* [Supplied records]:
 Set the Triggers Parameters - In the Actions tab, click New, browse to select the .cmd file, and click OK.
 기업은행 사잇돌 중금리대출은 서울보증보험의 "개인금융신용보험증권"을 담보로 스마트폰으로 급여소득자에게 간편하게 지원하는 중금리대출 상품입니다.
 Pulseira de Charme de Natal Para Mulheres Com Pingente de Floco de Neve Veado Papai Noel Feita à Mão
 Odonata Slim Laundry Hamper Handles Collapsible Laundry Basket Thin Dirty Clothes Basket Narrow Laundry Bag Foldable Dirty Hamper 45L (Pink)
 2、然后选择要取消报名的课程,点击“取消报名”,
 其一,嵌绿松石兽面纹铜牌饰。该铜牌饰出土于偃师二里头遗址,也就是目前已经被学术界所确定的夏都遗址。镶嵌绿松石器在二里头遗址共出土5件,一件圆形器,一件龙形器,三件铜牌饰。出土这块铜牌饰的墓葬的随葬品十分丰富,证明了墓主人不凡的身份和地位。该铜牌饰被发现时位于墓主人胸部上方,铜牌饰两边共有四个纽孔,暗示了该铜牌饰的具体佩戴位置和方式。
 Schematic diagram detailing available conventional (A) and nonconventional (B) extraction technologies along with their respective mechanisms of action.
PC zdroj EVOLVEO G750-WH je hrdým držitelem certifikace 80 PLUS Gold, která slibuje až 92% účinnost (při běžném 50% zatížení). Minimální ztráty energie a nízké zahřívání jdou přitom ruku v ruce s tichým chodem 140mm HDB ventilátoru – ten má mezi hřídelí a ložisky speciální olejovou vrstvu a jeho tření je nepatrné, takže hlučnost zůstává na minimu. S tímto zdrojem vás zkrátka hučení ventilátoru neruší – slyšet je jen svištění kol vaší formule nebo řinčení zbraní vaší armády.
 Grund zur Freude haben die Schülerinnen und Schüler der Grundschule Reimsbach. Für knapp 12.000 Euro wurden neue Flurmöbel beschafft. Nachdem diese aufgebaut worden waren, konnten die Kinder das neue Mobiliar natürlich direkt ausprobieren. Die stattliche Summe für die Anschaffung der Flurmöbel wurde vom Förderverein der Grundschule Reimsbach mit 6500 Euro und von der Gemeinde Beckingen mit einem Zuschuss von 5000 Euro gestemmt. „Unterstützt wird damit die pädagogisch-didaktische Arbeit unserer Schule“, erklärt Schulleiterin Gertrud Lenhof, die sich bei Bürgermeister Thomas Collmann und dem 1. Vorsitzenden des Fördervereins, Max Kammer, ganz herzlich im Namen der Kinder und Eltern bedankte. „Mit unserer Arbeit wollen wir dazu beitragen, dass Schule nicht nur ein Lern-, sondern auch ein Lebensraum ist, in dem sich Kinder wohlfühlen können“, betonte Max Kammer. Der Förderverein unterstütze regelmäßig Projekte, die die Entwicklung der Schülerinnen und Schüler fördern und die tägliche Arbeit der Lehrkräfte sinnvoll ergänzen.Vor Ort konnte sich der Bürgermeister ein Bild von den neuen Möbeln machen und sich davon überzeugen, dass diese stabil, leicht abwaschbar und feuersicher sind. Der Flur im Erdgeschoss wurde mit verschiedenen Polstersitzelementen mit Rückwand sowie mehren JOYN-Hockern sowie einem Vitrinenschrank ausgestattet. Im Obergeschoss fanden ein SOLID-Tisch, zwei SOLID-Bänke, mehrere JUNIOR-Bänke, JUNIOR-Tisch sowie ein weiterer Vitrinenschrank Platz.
---
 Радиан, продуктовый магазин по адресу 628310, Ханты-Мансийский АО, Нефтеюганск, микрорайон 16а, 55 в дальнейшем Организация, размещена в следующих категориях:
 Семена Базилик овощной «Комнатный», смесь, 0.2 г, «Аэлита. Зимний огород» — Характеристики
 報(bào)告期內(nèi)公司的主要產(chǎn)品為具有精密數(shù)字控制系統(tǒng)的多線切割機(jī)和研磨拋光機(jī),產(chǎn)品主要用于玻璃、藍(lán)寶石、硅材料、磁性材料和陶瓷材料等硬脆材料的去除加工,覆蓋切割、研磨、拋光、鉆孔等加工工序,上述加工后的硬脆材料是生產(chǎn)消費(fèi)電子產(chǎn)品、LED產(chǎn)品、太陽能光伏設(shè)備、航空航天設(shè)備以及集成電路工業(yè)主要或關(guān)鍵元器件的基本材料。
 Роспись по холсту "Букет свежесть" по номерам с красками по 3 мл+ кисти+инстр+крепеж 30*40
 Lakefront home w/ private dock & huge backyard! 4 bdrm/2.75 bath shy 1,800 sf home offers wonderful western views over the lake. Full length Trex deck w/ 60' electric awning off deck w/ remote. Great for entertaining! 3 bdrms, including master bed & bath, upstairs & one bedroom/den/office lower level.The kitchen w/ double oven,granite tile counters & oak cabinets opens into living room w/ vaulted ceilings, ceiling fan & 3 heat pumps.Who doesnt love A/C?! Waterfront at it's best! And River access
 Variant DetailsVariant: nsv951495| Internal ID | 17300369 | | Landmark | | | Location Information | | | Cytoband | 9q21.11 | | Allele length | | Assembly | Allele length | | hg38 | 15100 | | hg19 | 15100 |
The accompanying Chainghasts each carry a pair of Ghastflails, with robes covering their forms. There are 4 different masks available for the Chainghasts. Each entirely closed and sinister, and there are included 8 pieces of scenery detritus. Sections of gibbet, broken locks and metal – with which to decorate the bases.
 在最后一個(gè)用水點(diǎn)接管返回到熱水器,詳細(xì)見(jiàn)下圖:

* [Problem]: Reproduce word for word the material above, starting with the line that has "其一,嵌绿松石兽面纹铜牌饰。" and stopping after the line that has "PC zdroj EVOLVEO".

* [Written solution]:
 其一,嵌绿松石兽面纹铜牌饰。该铜牌饰出土于偃师二里头遗址,也就是目前已经被学术界所确定的夏都遗址。镶嵌绿松石器在二里头遗址共出土5件,一件圆形器,一件龙形器,三件铜牌饰。出土这块铜牌饰的墓葬的随葬品十分丰富,证明了墓主人不凡的身份和地位。该铜牌饰被发现时位于墓主人胸部上方,铜牌饰两边共有四个纽孔,暗示了该铜牌饰的具体佩戴位置和方式。
 Schematic diagram detailing available conventional (A) and nonconventional (B) extraction technologies along with their respective mechanisms of action.
PC zdroj EVOLVEO G750-WH je hrdým držitelem certifikace 80 PLUS Gold, která slibuje až 92% účinnost (při běžném 50% zatížení). Minimální ztráty energie a nízké zahřívání jdou přitom ruku v ruce s tichým chodem 140mm HDB ventilátoru – ten má mezi hřídelí a ložisky speciální olejovou vrstvu a jeho tření je nepatrné, takže hlučnost zůstává na minimu. S tímto zdrojem vás zkrátka hučení ventilátoru neruší – slyšet je jen svištění kol vaší formule nebo řinčení zbraní vaší armády.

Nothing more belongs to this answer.